There is also a seventh son – the one who expresses his Jewishness by attacking other Jews, or particularly Israel. He may ask what the Jews of the Exodus did to turn Pharaoh and his fellow Egyptians into victims. One might call him the “Self-Hating Son.” In past centuries, some Jewish converts to Christianity showed an extraordinary hatred for Judaism. But they did not pretend that they were Jewish. Today, many from this small group of Jewish Israel-haters see claiming their Jewishness as a way to make their incitement more effective.
Perhaps there is even an eighth son who is only partly a “son” – the person who sometimes “feels Jewish.” Nowadays the Seder ceremony is often also attended by non-Jews who are linked to Jewish families by being married to Jews or by friendship. They are not even sons in the sense that the Haggadah uses.
This multiplication of the sons is not a sign of Jewish fertility. It is, rather, a Jewish illustration of postmodernity and the fragmentation of identities it brings with it. This situation often also reflects a Jewish identity crisis.
Viewed by the Outside World
The question how Jews were historically viewed by the outside world can be answered relatively easily. Until the Enlightenment, there was a substantial overlap between how Jews saw themselves and how they were viewed by other Jews. There was also much common ground with how the outside world saw them.
However, at the same time, there was also a major discrepancy. The Jews saw themselves as holders of truth. Yet many Christians said that the Jews’ Covenant had been replaced by a new one. Both Christians and Muslims saw the Jew as “the other.” In the medieval Christian world, Jews were the “quintessential others.” They were the only non-Christians around. As groups forge their identities by positioning and defining themselves against others, Christian Europe could only use the Jews to build its identity. In the Muslim world, the Jews shared being “special others” with Christians; they were both called dhimmis.
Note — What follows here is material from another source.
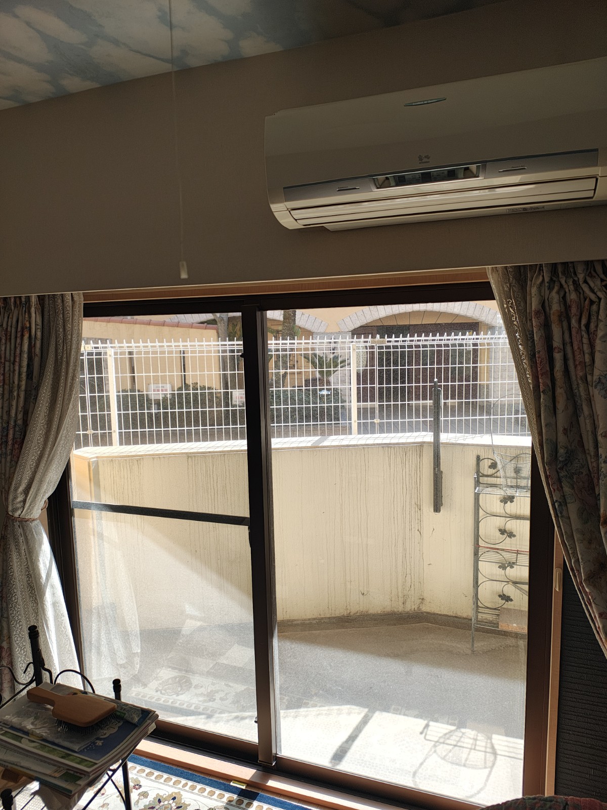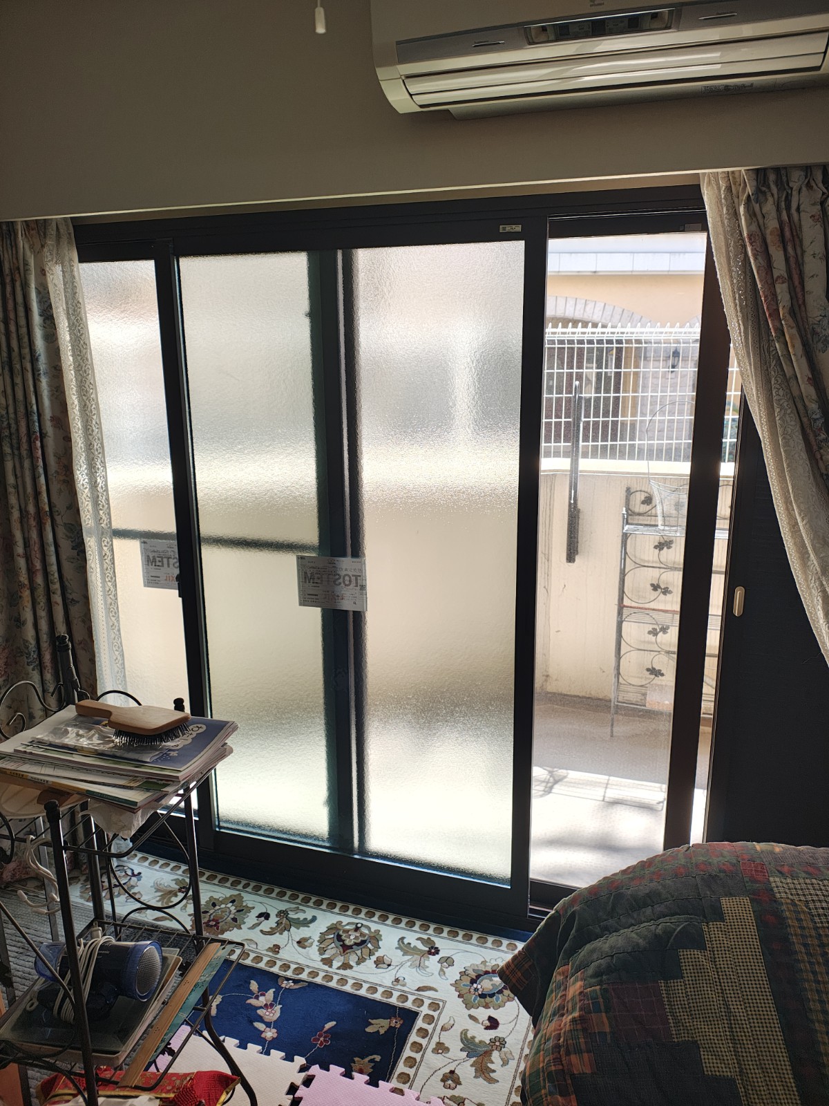 施工前の写真を見ると、ベランダに面した大きな掃き出し窓にはアルミサッシの引き違い窓が設置されており、バルコニーのフェンスや向かいの建物がはっきりと見通せる状態でした。窓の上部にはエアコンが設置されているものの、面積の大きい掃き出し窓からの熱損失が大きく、暖房効率が著しく低下していました。カーテンだけでは断熱にも目隠しにも限界があり、根本的な対策が必要な状態です。

Both the Christian and the Muslim worlds viewed the Jews not only as “others” but also as inferior. The degree of inferiority may have differed according to location. One of the most important Church Fathers, Augustine who lived in the fifth century, maintained that the Jews were a “witness people”: their continued existence would prove that Christianity was superior and represented the truth.
On how others determine who is a Jew in an increasingly postreligious society, French philosopher Jean-Paul Sartre’s book Reflexions sur la question Juive offers insights. He considered that “who is a Jew” is largely determined by the non-Jewish world. Sartre asserted that it is not God who has turned people into Jews but, rather, non-Jewish society, thereby creating the “Jewish problem.” At first sight this may seem absurd. It was certainly untrue before the Enlightenment. A Jew could cease being Jewish to a large extent by becoming a Christian or a Muslim. Sartre, however, wrote his book in 1946, after the Second World War. At that time it was clear that the Germans, in the countries they occupied, had factually determined who was considered a Jew and who was not. They did so based on their definition of “who is a Jew” as laid down in the Nuremberg Laws.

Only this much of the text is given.